[Records from a dataset]
○ ○ ○ ○ ○

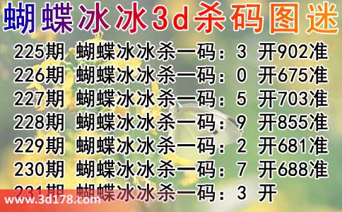 225期 蝴蝶冰冰杀一码:3 开902准226期 蝴蝶冰冰杀一码:0 开675准227期 蝴蝶冰冰杀一码:5 开703准228期 蝴蝶冰冰杀一码:9 开855准229期 蝴蝶冰冰杀一码:2 开681准230期 蝴蝶冰冰杀一码:7 开688准231期 蝴蝶冰冰杀一码:3 开 该蝴蝶冰冰杀码图由3D之家3D图库频道原创,仅供彩民参考,温馨提供。
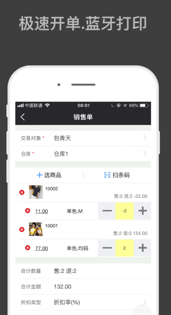 君涛科技面向细分行业深度打磨,重点服务服装鞋帽、茶叶、数码配件等SKU结构复杂的业态。支持颜色、尺码、规格、容量、型号五大属性自由组合定义,灵活应对多变的商品维度。开单环节采用可视化规格选择器,避免人为选错导致发错货;整体操作节奏紧凑,销售、退货、出入库单据均可在10秒内完成。集成蓝牙便携打印能力,支持条码标签、小票、吊牌一键输出,并可生成带支付链接的定制化二维码,打通线下交易闭环。
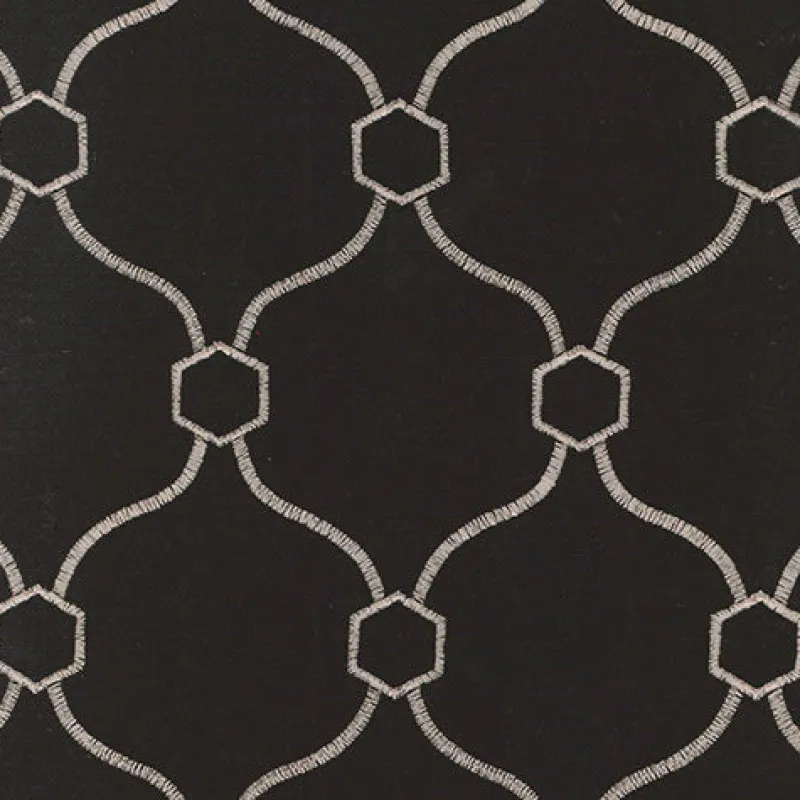 Add a touch of elegance to any project with Vera Mica Regal Fabric. The black and grey embroidered geometric quatrefoil design adds a modern twist to a classic pattern. Perfect for creating a sophisticated look that is sure to stand out.
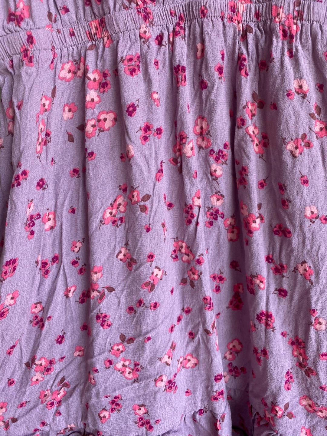 Floral print on lavender fabric.
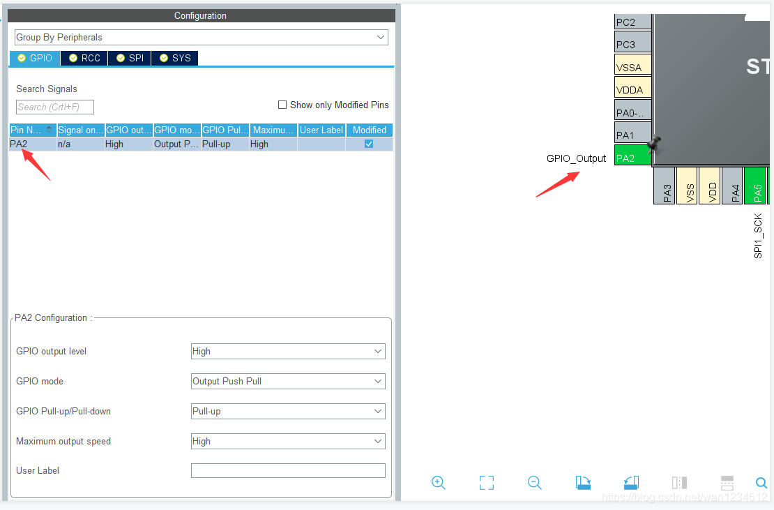 2、初始化PA2,当做SPI软件触发引脚,然后配置好工程其他文件生成代码即可。

○ ○ ○ ○ ○

▸ EXERCISE DIRECTIONS
Find "Floral print on lavender fabric." in the entries, then reproduce that line and each line after it exactly, through the last one. Pictures do not go in.

▸ YOUR RESPONSE
 Floral print on lavender fabric.
 2、初始化PA2,当做SPI软件触发引脚,然后配置好工程其他文件生成代码即可。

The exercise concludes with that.